Why Pandora has been good for radio

Comment from Peter Saxon

I’ve long argued that streaming services like Pandora and Spotify would have little affect on radio audiences. So far, in Australia at least, I’ve been right but not necessarily for the right reasons.

The core of my argument was that since the invention of the radiogram and 8-Track in-car audio, radio has always co-existed with listener-owned music. And while the streaming companies that give you access to millions of songs curated to your own tastes do an awesome job of taking the user experience to another level, they have merely replaced the iPod as the personal player of choice and barely dented radio. 

However, there’s a fly in the ointment of my argument. You couldn’t buy advertising on my iPod. You can on Spotify and Pandora. Not only that, these upstart startups have the audacity to call themselves radio. Surely then, one would expect them to divide the market, siphoning off great scads of revenue from “real” or “proper” radio. Or at least that’s what the pundits predicted.

Digital or new media in all it’s forms has had a dire effect on both Free to Air television and all forms of print. Yet, radio has thrived, increasing its revenue year-on-year every year since the end of the GFC. Up more than 6% in FY 2016 alone.

Incredibly, despite the widespread fragmentation of media, radio has maintained its share of the total advertising spend which has, for the past 30 years or so hovered around the eight per cent mark. In fact PwC predicts that commercial radio will still command 7.2 per cent of ad spend by the year 2020.

Meanwhile, FTA television is set to lose almost a third of it’s already depleted 25.5% share (as measured in 2015) and will have to make do with 18.5% of ad revenue by 2020. 

Newspapers, which were already down to 16.2% in 2015 (from historical highs of up to 40%) are expected by PwC to sink to as low as 10% by 2020.

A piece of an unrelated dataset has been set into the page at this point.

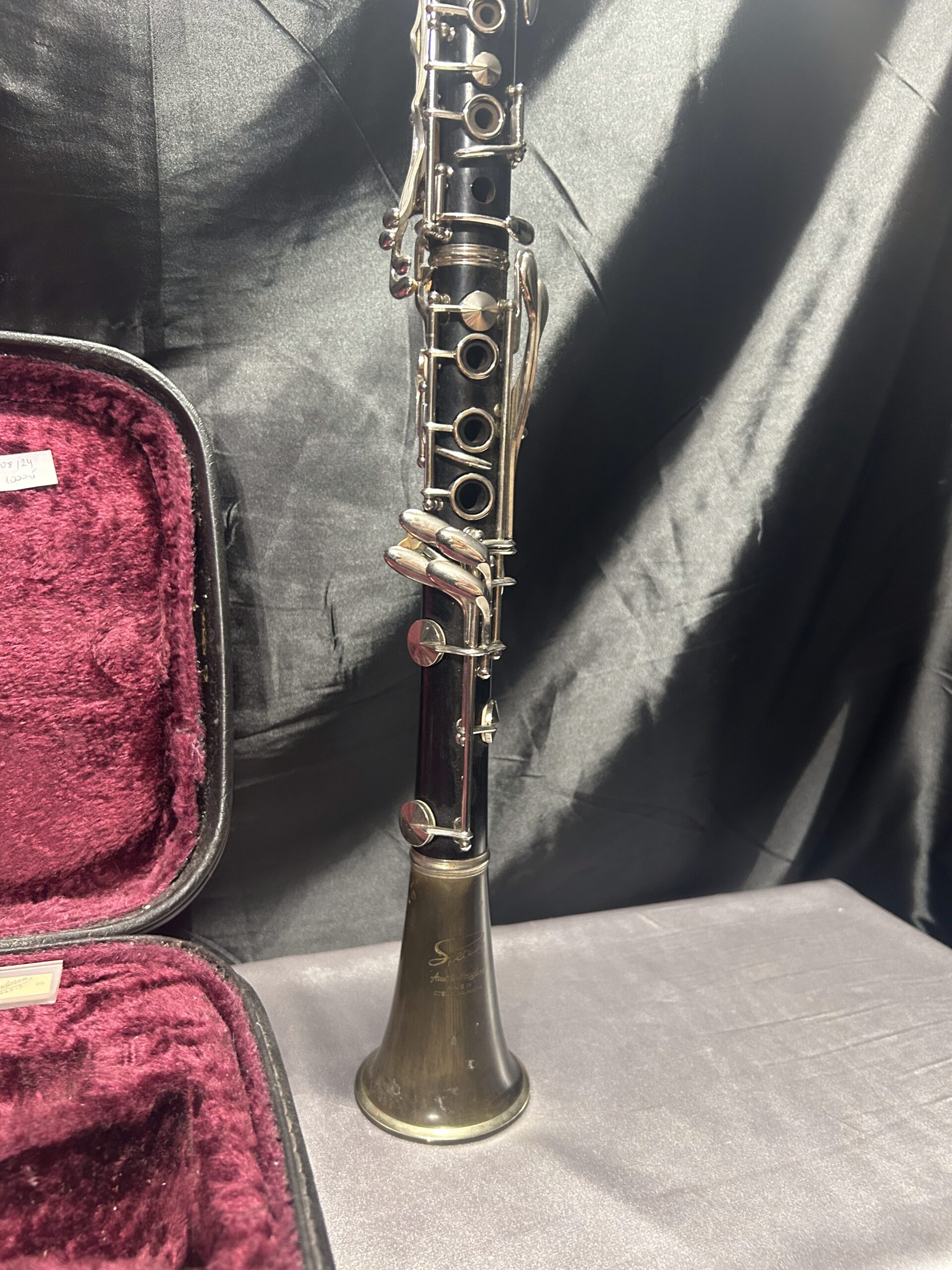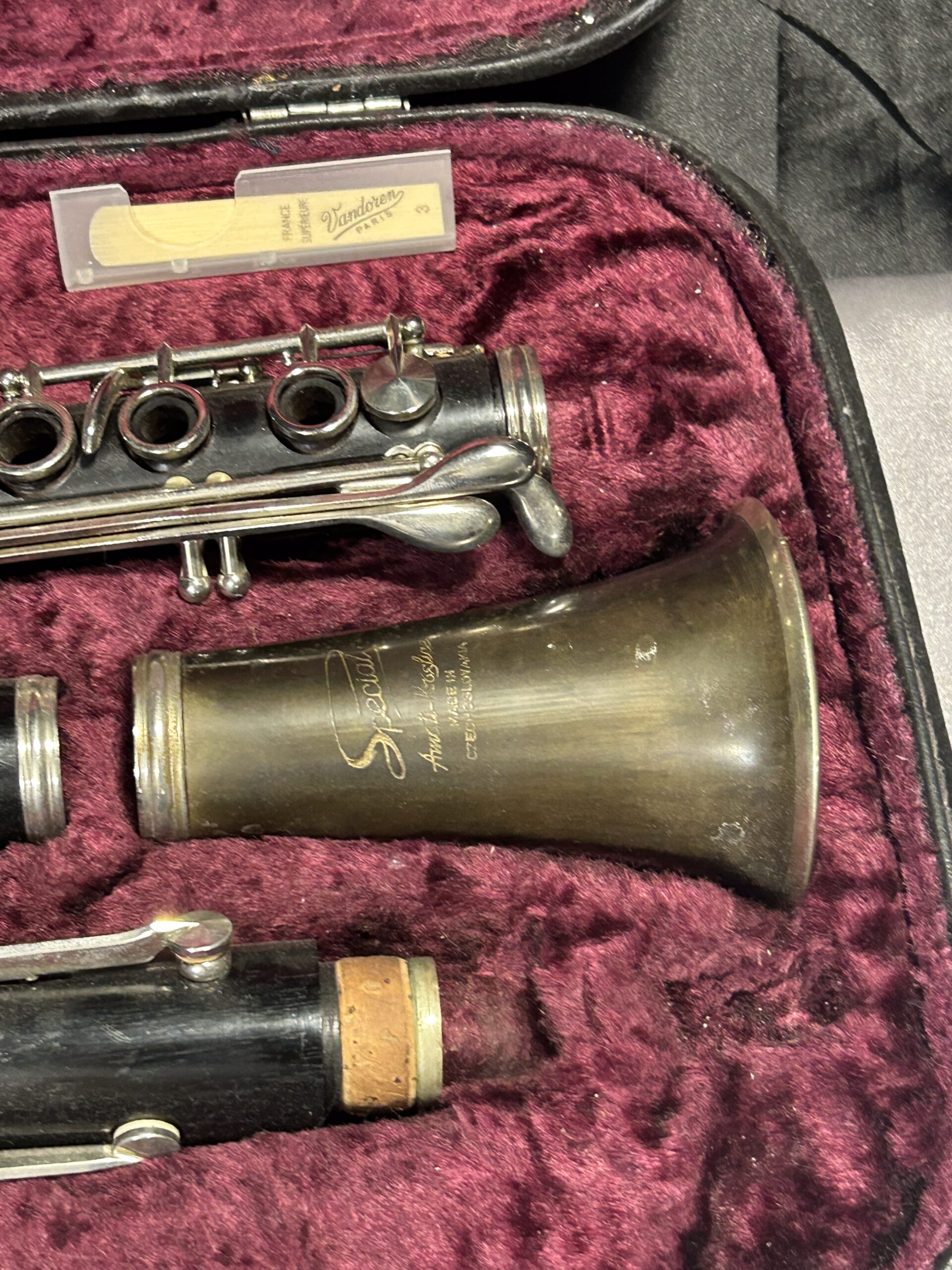 Oferujemy wyjątkowy klarnet B w etui od renomowanej firmy Special Amot-Kraslice, wyprodukowany w Czechosłowacji. Ten instrument został wykonany z wysokiej jakości drewna, co zapewnia doskonałą jakość dźwięku i trwałość.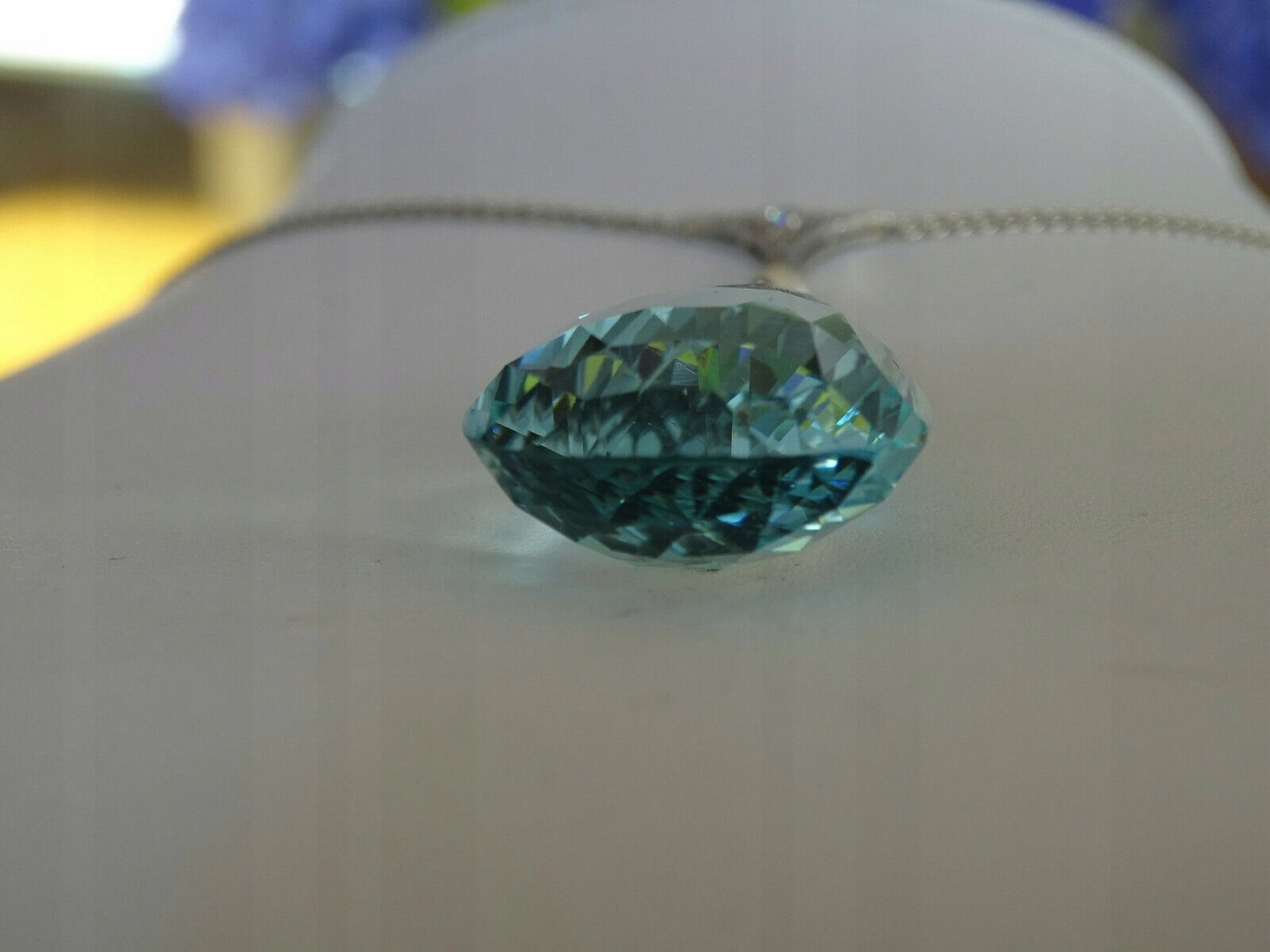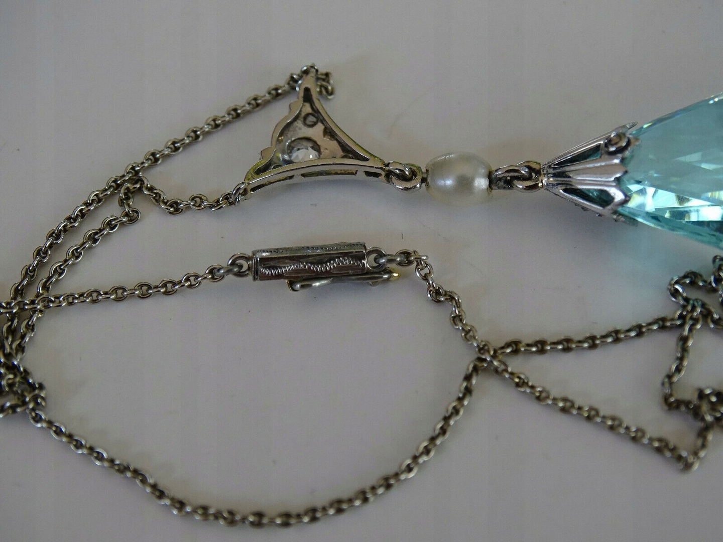 Unikatowy Naszyjnik wykonany w Platynie. Zdobienie ; Akwamaryn Naturalny - unikatowy ze wzgledu na swoje parametry, doskonalej jakosci w szlifie fasetowej lezki na formie brioletty - okreslanego jako podwojny szlif rozany. Wymiary Akwamaryny 4 x 2 cm , grubosc max. 1,2 cm - masa 59 karatow. Brylant o masie 0,10 karata . Czystosc SI Barwa W - Wesselton - Biel, oraz 9 w szlifach nieregularnych o masie ca. 0,10 karata. Perla o srednicy 4 mm. Wymiary naszyjnika ; czesc ozdobna o dlugosci 6 cm, dlugosc lancuszka 45 cm. Waga 16,91 grama. Naszyjnik posiada Certyfikat. Stan jak na zdjeciach.

Why is radio so resilient in the face of such aggressive and diverse opposition?

Well, for one thing (which I’ve said many times before) radio has adapted early and rather than fight new media, has embraced it and used it strategically to its advantage.

But here’s the bit that only time could have told and therefore hasn’t become apparent till recently: Far from eroding commercial radio revenues, the entry of streaming services has helped grow the market.

Many, me among them, feared that by labeling themselves as “radio” the streaming services would  confuse the marketplace, steal radio’s clothes and eat its lunch. Instead, all the hype surrounding the introduction of streaming has merely served to draw attention to the qualities of real radio. Advertisers have looked on the oft neglected medium with fresh eyes and seeing how it has evolved in the 21st century.

It is relatively recently that the term “audio” has been added to the advertising lexicon. There seems no reason why within the “audio” sector, real radio and streaming can’t happily co-exist as complementary platforms. While FTA television and print are in decline, audio is rising. Of course, with commercial radio being a mature and relatively stable industry, most of that growth comes from the streaming services.

Nonetheless, with all the recent turmoil surrounding programatic ad placements and accountability on digital platforms, as most advertisers have come to realise, radio remains the most reliable way to reach mass audiences cost effectively.